PROBLEM DESCRIPTION:
The reply should match the listing below character for character, except that no image is carried over.

EXERCISE DATA:
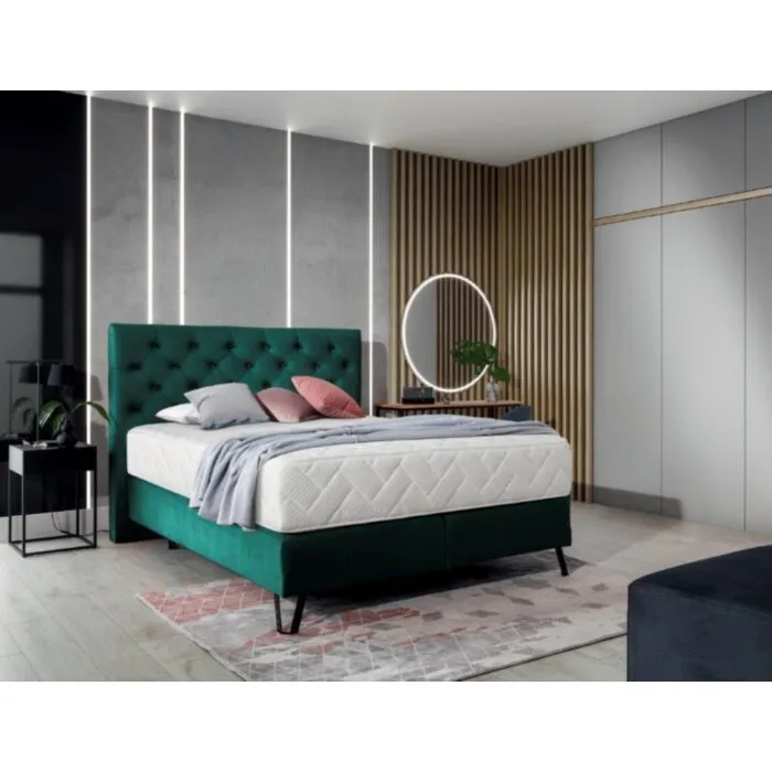 Postelja KORI je narejena iz robustnega okvirja s črnimi kovinskimi nogami višine 15cm. Prešito zglavje je polnjeno s peno, ki zagotavlja mehko oporo za glavo. V kompletu s posteljo dobite udobno vzmetnico z žepkastimi vzmetmi. Vzmetnica ima snemljivo prevleko.
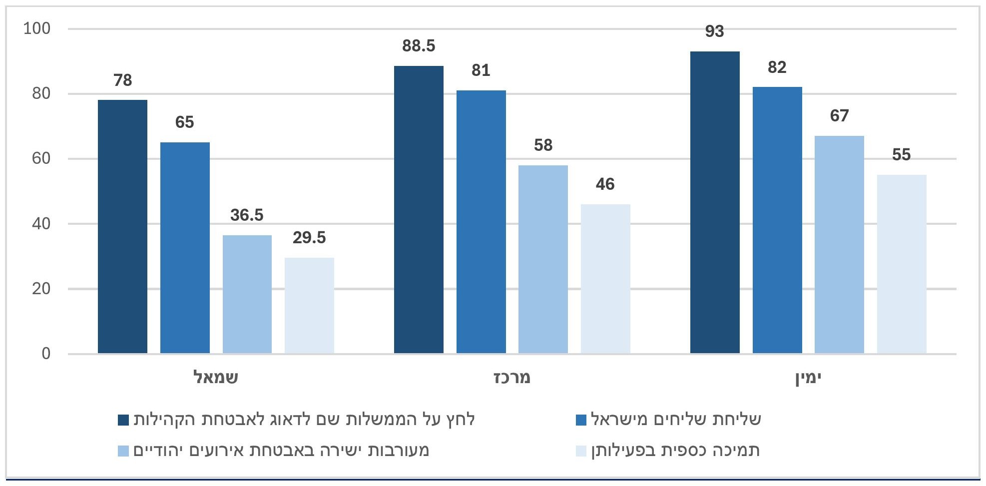 - בקרב הערבים רק מיעוט (ובפער ניכר מהיהודים, למעט בתמיכה כספית בפעילותן שם הפער קטן יותר) סבורים שממשלת ישראל צריכה לתמוך בקהילות יהודיות בחו"ל בכול אחת מהאפשרויות שנבדקו.
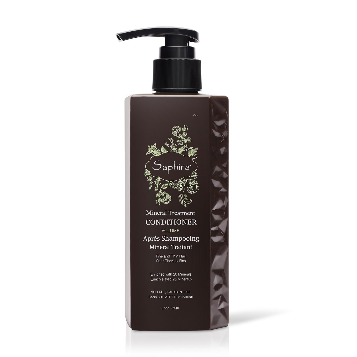 Saphira Mineral Treatment Conditioner enriched with 26 active Dead Sea minerals, is a superior salon professional luxury conditioner exclusively formulated to build and secure volume, texture and body to fine, thin and chemically treated hair. The Mineral Treatment Conditioner is sulfate-free and paraben-free.

YOUR RESPONSE:
 Postelja KORI je narejena iz robustnega okvirja s črnimi kovinskimi nogami višine 15cm. Prešito zglavje je polnjeno s peno, ki zagotavlja mehko oporo za glavo. V kompletu s posteljo dobite udobno vzmetnico z žepkastimi vzmetmi. Vzmetnica ima snemljivo prevleko.
 - בקרב הערבים רק מיעוט (ובפער ניכר מהיהודים, למעט בתמיכה כספית בפעילותן שם הפער קטן יותר) סבורים שממשלת ישראל צריכה לתמוך בקהילות יהודיות בחו"ל בכול אחת מהאפשרויות שנבדקו.
 Saphira Mineral Treatment Conditioner enriched with 26 active Dead Sea minerals, is a superior salon professional luxury conditioner exclusively formulated to build and secure volume, texture and body to fine, thin and chemically treated hair. The Mineral Treatment Conditioner is sulfate-free and paraben-free.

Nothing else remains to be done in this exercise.